There's no denying that this is a fine forum with many knowledgeable, kind and courteous members. I wasn't trying to convey the opposite with my post. Breitling Source is more of a reference source, in my opinion, than a forum that people, including myself, like to read, post and hang out at. The number of members and posts clearly conveys that. As far as forums are concerned, there's not much competition.



> We only need ask some pertinent questions of the original poster of this thread to provide specific details that he might want. I see no need to wholesale link back to BS to satisfy the provision of said details.
> 
> The question I would have asked, is the watch from the modern era ie. post 1981-2 or from the old Breitling which folded during the Quartz onslaught of the late 70's.
> What is the model number/serial number engraved on the back if you are uncertain of the above facts.
> 
> With that information all of the necessary details could have been given to our member.

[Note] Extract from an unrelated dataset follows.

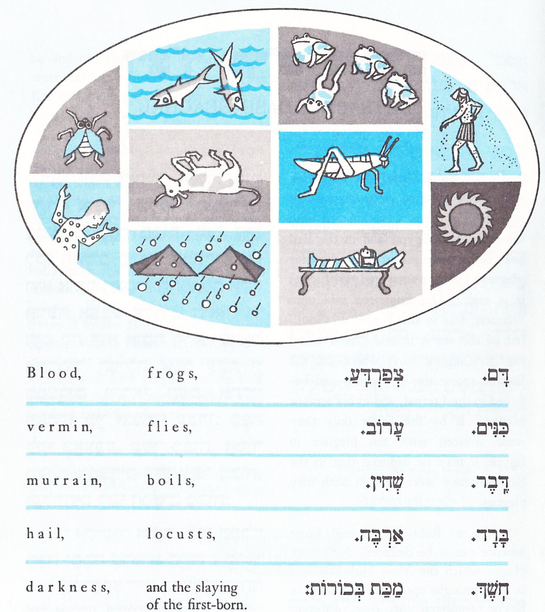 To persuade the Pharaoh to let the slaves go, Moses warned him that plagues would befall the Egyptians. It was only after the ten plagues that the Pharaoh agreed to free the Jews. As we recite the names of the plagues, we remove a drop of wine from our glasses for each plague. This practice reminds us not to be happy when our enemies suffer.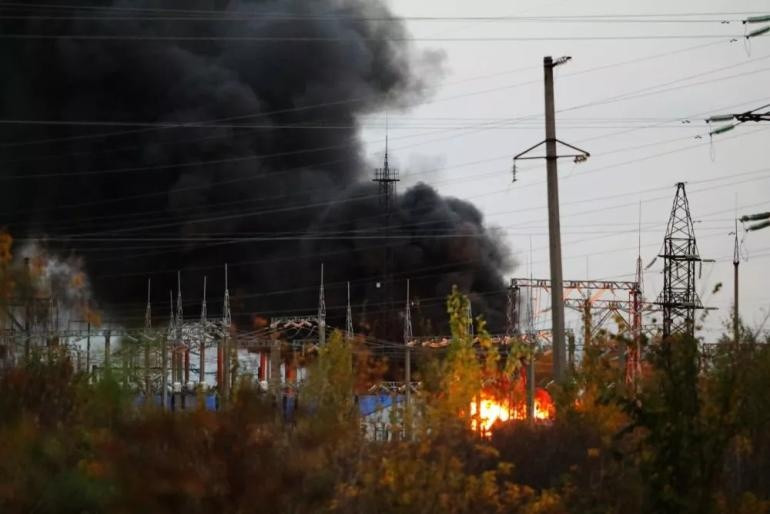 В настоящее время идут перебои с подачей электроэнергии во многие районы Киевской столицы. Город обуяли клубы дыма. Скорее всего, российскими военными выведена из строя ТЭЦ-6.

These are the questions that you "would" have asked but you didn't. Everyone does and thinks about things differently. That's one of the great things about human beings and about this open forum. I read many of your posts and never replied that my way is better.



> And one of the informative threads by Ron from right here in the
> Articles section of this forum.....
> 
> https://www.watchuseek.com/showthread.php?t=64407


I'm sorry I didn't see this reply but it wasn't readily accessible at the time I posted and I haven't read my way to 2007 of this forum yet. If you think I should have done a search, then you could say that to most people that ask questions here b/c, according to you, the answers are already here.

I hope this will be my last negative experience here b/c I didn't join for confrontation but for the camaraderie of fellow watch enthusiasts.

Have a good day,

Peter


----------